The exam challenge is the brainchild of Bob Compton after hearing a professor at Harvard Graduate School of Education “We have nothing to learn from education systems in Third World countries, “Much less a Third World country that lacks freedom of speech.” when he viewed the Two Million Minutes video.
The exam “is a shortened and greatly simplified version of the multi-day proficiency test that every 10th grader in India must pass to go on to the 11th grade.”

Go.Read.Think.
As a part of the global community, what are our priorities? What are we willing to sacrifice to get there? What are the consequences?

3 comments ↓
Provocative thoughts. What do we do in our own “community” even as pluralistic as it is? What is our purpose in public education? Are we forming citizens or consumers? What do we see as the public good? How do we go about fostering the sort of democratic situation at which you hint? In some sense I think the video (I only looked briefly at the website) ironically touts education as training for future workers/consumers. The irony for me is I hear you saying “community” which implies for me a more local democratic self-governing citizenry (yet globally aware) and not the corrupting of such “virtues” by unfettered big business and the proliferation of which it seems we are often made to be a part. Just a few wayward thoughts.
Here is where I get overwhelmed. We expect kids to value others, to be responsible and accountable, and to value the fruits of their labor. Yet we live in a society that values “stuff and more stuff”, that produces children and then expects strangers to raise them, first in day care and then in the public school system.

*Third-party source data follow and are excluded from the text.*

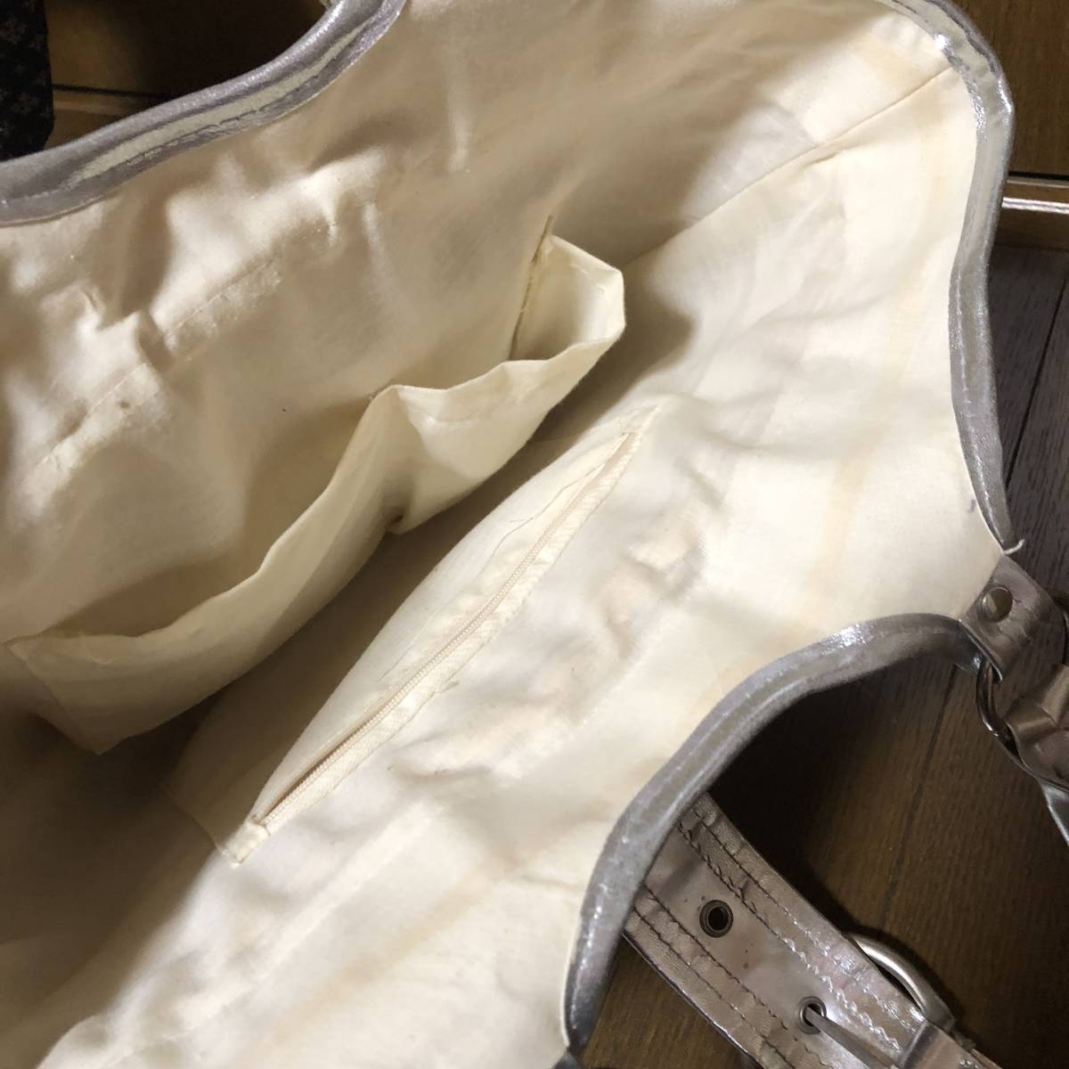 中は両サイドにポケット付きですが、片方はファスナー付きだったかと思うのですが、ファスナーの持ち手が取れて開いたままになっております。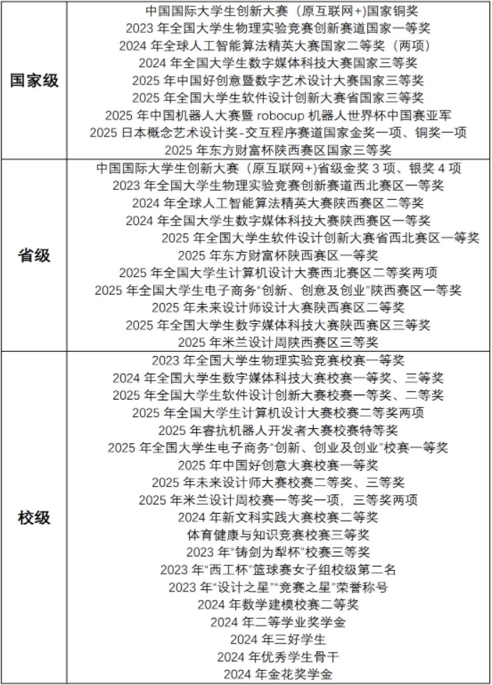 这次经历激发了她进一步参与实践的兴趣。此后,她逐步参与到更具挑战性的技术项目中。她参加了全球人工智能算法精英大赛中获国家二等奖。她在项目中参与部分算法实现和功能测试,初步掌握了模型训练的基本流程。同年,她参与“智援归途——基于地图定位与人脸识别的智能寻人系统”开发,在全国老员工计算机设计大赛中获得西北赛区二等奖,主要协助完成人脸识别模块的测试与优化。通过这些项目,她逐步了解了从需求分析到系统实现的基本开发流程,也在实践中不断提升技术应用能力。这些经历让她逐渐熟悉了从需求分析、技术选型到系统实现的完整开发流程。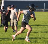 Max Grindy, a junior for ACH, sprints downfield and speeds past the Naselle defenders during …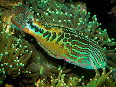 گونه نر و ماده با ظاهری متفاوت قابل تشخیص هستند. یک ماهی نسبتاً مشکل برای نگهداری می باشد زیرا به راحتی با محیط های آکواریومی خو نمی گیرد ولی یک آکواریوم تپه مرجانی بزرگ با بستر ماسه ای عمیق می تواند محیط مناسبی برای نگهداری از این ماهی باشد. این ماهی بسیار فعال و خوش رنگ است و می تواند منظره بی نظیری را در آکواریوم شما به وجود آورد ولی ممکن است چندین روز طول بکشد تا به محیط جدید عادت کرده و شروع به غذا خوردن کند. این ماهی بیشتر از بی مهرگان ریزی که بر روی صخره های زنده زندگی می کنند تغذیه می کند ولی شما می توانید از انواع میگو های کوچک آماده و همچنین غذاهای مخصوص ماهیان گوشت خوار و یا حتی تکه های بسیار کوچک میگو غنی شده با ویتامین جهت تغذیه استفاده کنید.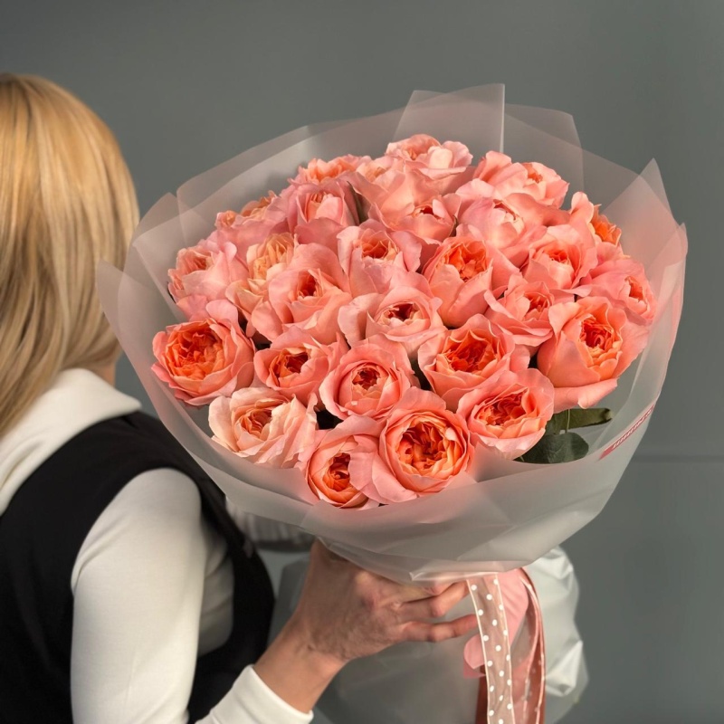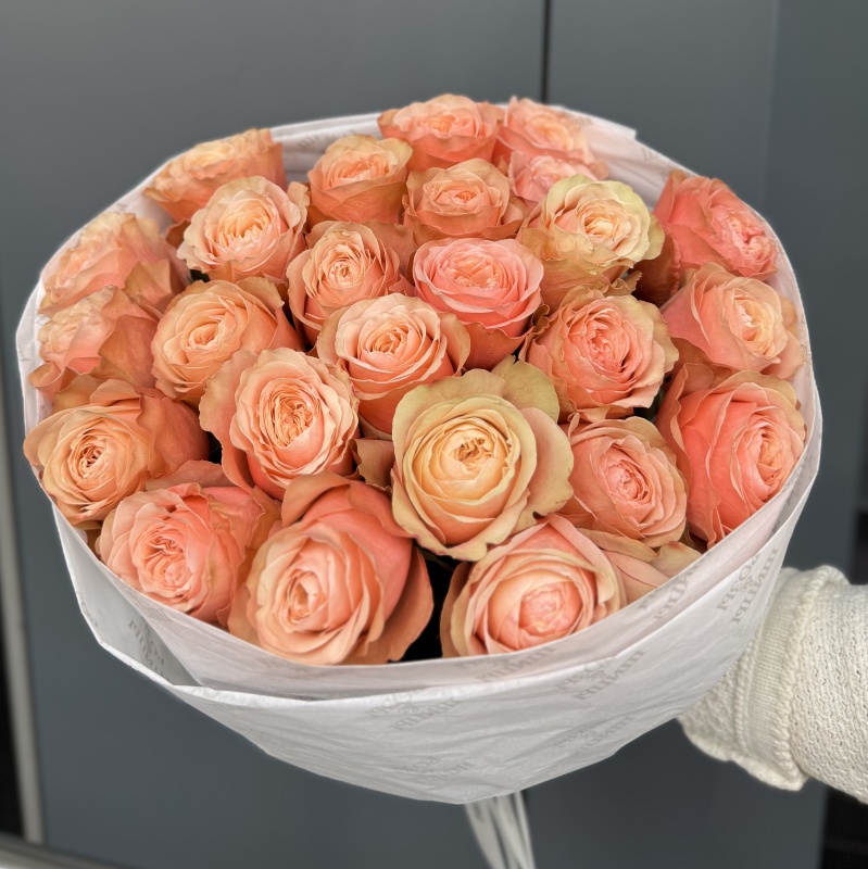 Монобукет из 25 пионовидных роз сорта Kahala (Кахала)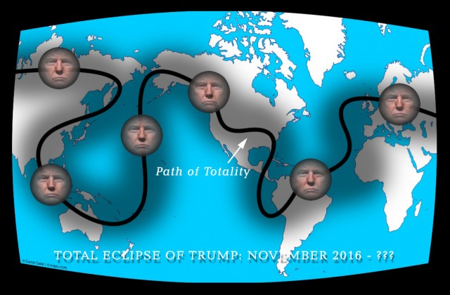 The Total Eclipse of Trump started in November 2016. Astronomers cannot predict when it will end. Its path of totality over the face of the Earth is shown in the illustration below:
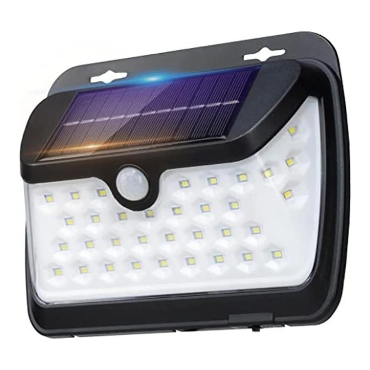 Luz solar del sensor de movimiento: luz de inundación de movimiento con 38 LED brillantes, un brillo de 150 lúmenes, 15 W y un tiempo de funcionamiento de 12 horas con una carga de un día. Luces brillantes con sensor solar para exteriores sin necesidad de cables, listas para salir de la caja, simplemente configúrelo y olvídalo.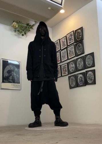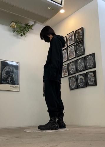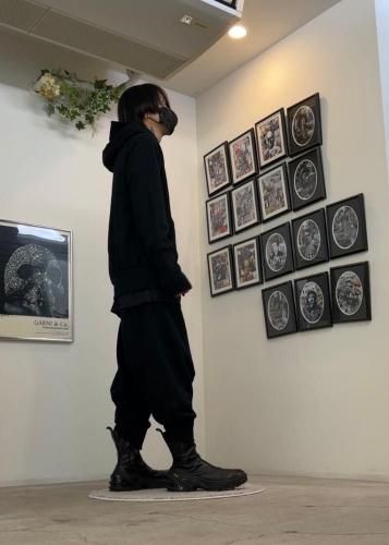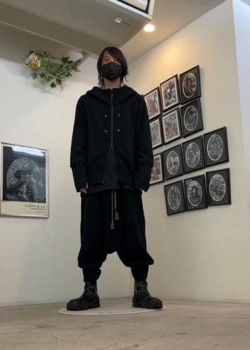 ・ヘビーウェイト裏毛スウェットのハイネック立体フーディーとサルエルイージーパンツでセットアップ。トップスはキックバックの強いリブ素材のサイドスリットロングカットソー。足元はで履き込む毎に無骨なドレープが生み出されるサイドジップブーツ。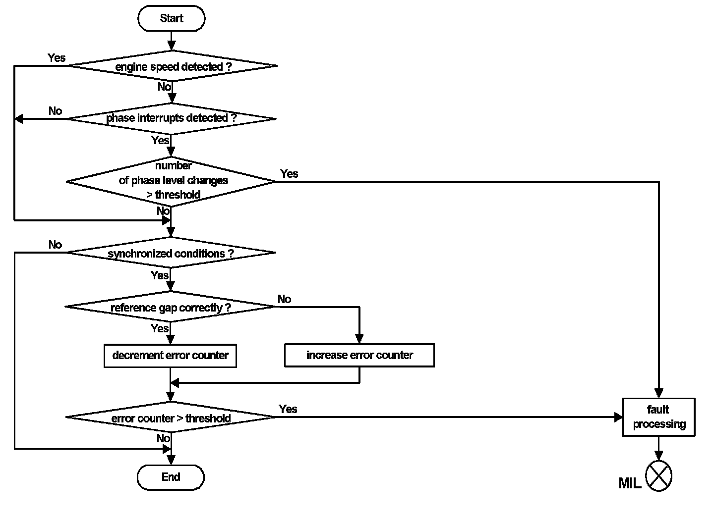 Under normal operating conditions, the flywheel position reference gap is monitored. At a loss of synchronization (more than one tooth difference between expected and observed gap position), the error counter is increased. If the gap is determined correctly the error counter is decreased. As soon as the error counter reaches a certain threshold an engine speed sensor malfunction is detected.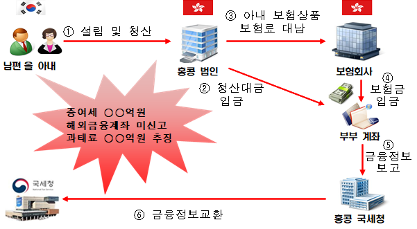 ○남편 을은 홍콩 현지법인을 청산하였으나 미화 ○○○만 불 상당의 출자금 등을 국내로 반입하지 않고 본인의 미신고계좌에 은닉한 뒤 이를 아내의 보험상품에 보험료로 납입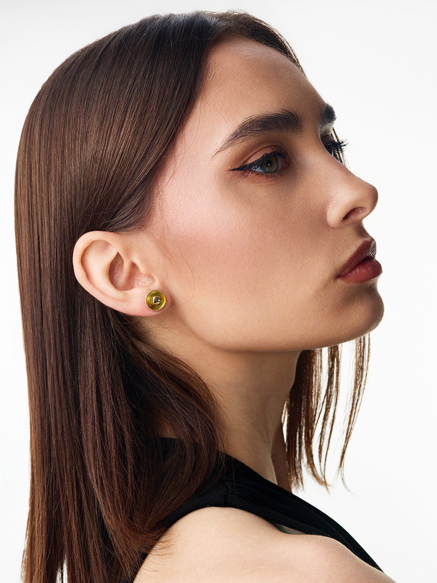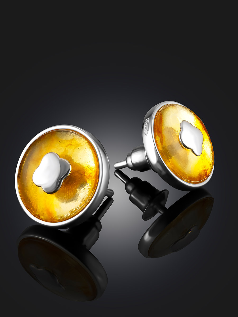 Изящные серьги-гвоздики с лимонным янтарём «Монако»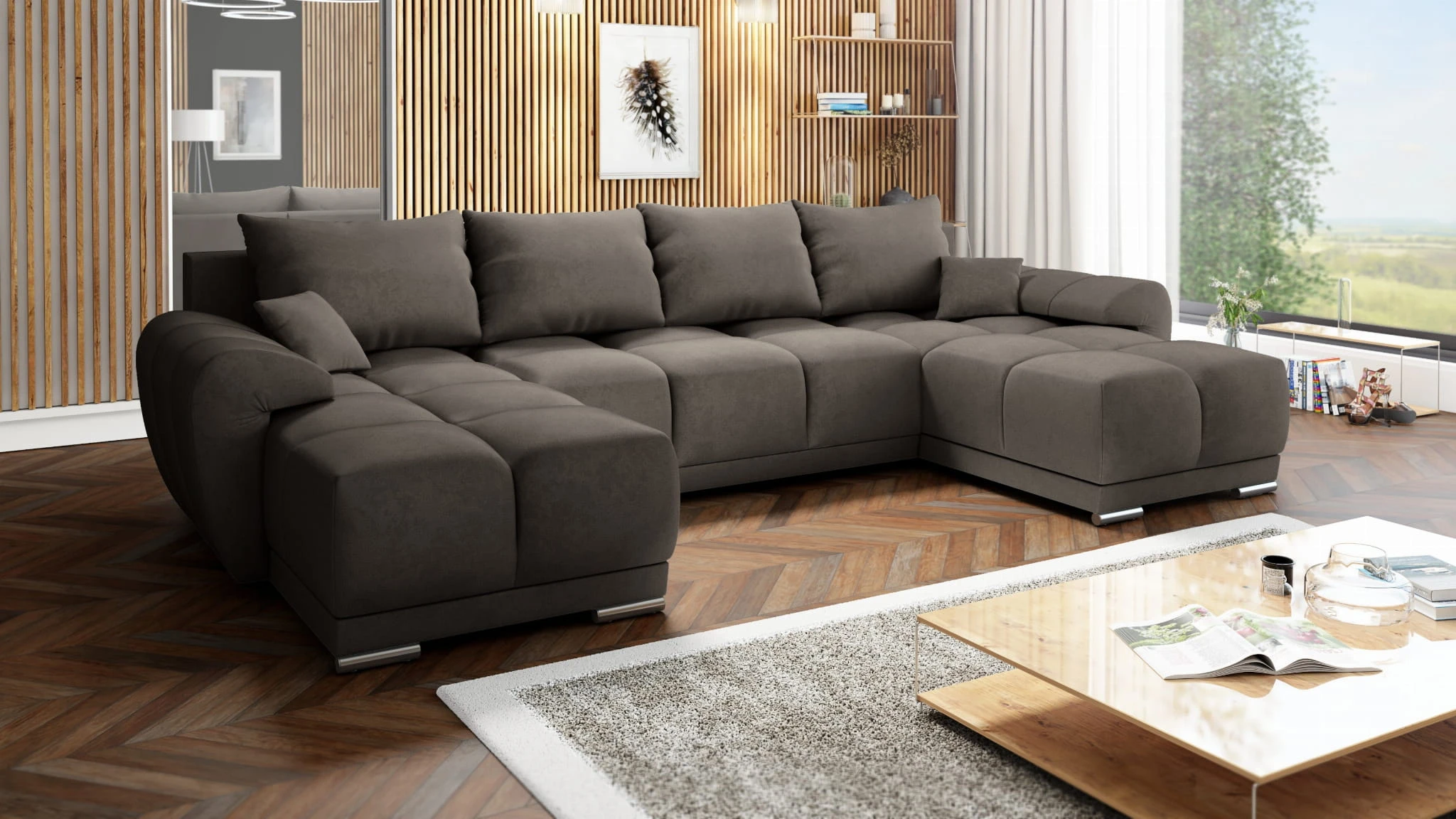 Narożnik rozkładany Honey U został wyposażony w funkcję spania o powierzchni 130x310 cm. To odpowiednia szerokość dla dwóch osób.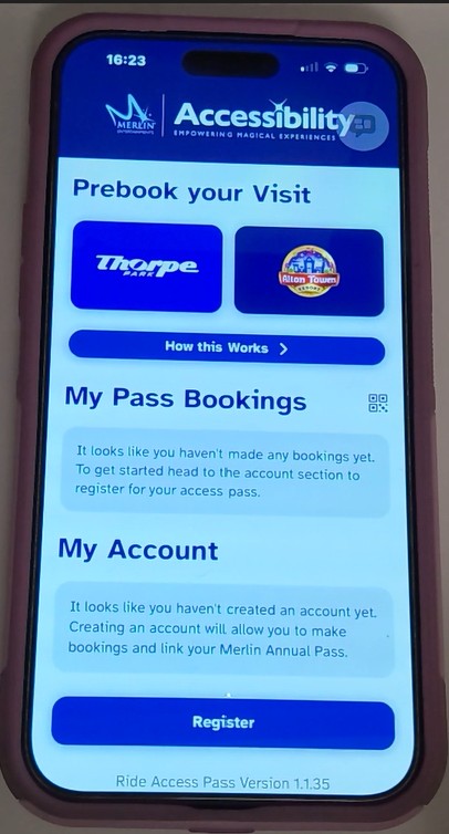 It’s supper simple to set your account up just click the register button and then type your name and Nimbus Access Card number. You can find your access card number on the front of your access card or if you chose an access registration with Merlin the ID number on your email. Before completing your registration you will need to answer yes or no to two questions in order to determined if you get a red or yellow ride access pass. The difference is those with a red ride access pass need a carer over the age of 14 to accompany them on all rides wear as, those with a yellow ride access pass can ride alone. That’s all you need to do to set up your ride access pass ID it will now be added to the home page in your Merlin ride access pass app.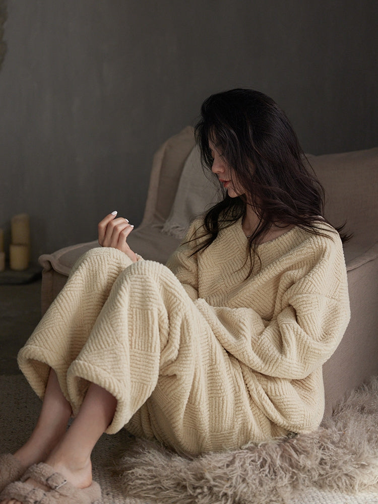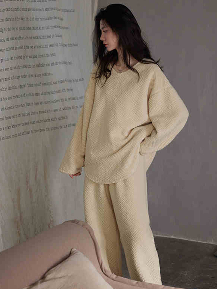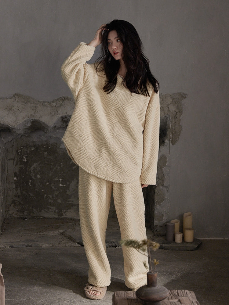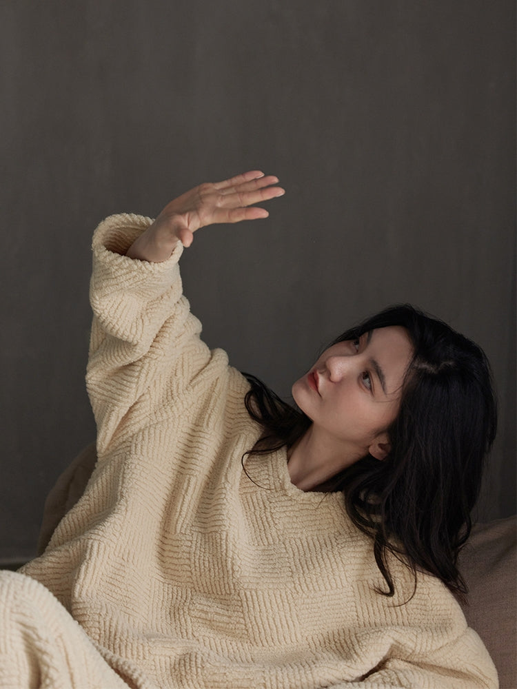 このパジャマセットは、秋冬シーズンに最適なふんわりとしたフランネル素材を使用しています。軽やかで柔らかな着心地が特徴で、リラックスタイムをさらに快適に過ごせます。ゆったりとしたシルエットが体に程よくフィットし、動きやすさも抜群です。 ベージュの落ち着いた色合いが上品な印象を与え、シンプルでありながらもモダンなデザインが魅力。外出せずにお家で過ごす時間にも、スタイリッシュにリラックスできます。  |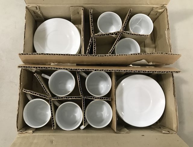 White Demi Tasse Cups (8) and Saucers (8). White Demi Tasse Cups (8) and Saucers (8).

They come to us wanting to hurry up and get “out” and start pursuing their own “stuff” and they want to get the most stuff for the least amount of effort possible. If they for some reason come through their educational experience, unable to obtain a lot of stuff they have no value. It seems to me that the way the educational system is set up we are living this huge lie and that most of these kids see through it from the start and know going in that there is no way they can come out and get a lot of “stuff”.
Consequently, the whole time they spend in education is of little value to them and they spend a whole lot of time being angry because they don’t feel very valuable themselves.
If you can’t pass the test and you can’t make a lot of money - you can’t be happy and what is the point?
We keep trying to perpetuate something that doesn’t even really exist.
I don’t agree with everything on that website, but it seems to me that we spend the biggest part of our time in education trying to cram everyone into the same shape holes and in the process we lose individuality, creativity, and hope and without those then there is no drive to move ahead.
How many minutes do we have if we live to be 65 years old?
What do you remember the most about high school? Were there some defining moments when something you learned turned on a light in your head and stuck with you to this day?
Do we give our kids any of those kind of moments? I know this all sounds very negative but it is how I feel. We don’t tell them that we want them to do well because they might be the one to find a cure for cancer, or a way to increase food production in some country where people are starving (which according to some could be this one eventually) or write a book that will have a profound effect on someone. We tell them we want them to do well so they can get out of school and make lots of money to have lots of stuff.
aaarg - now I’m depressed. I may have to go shopping and get some stuff!
I agree. It all becomes quite depressing. I think part of the problem is that the voracious modern market (the stuff producer) has eaten up our “social institution” called public education. This deserves a sit down talk at some point!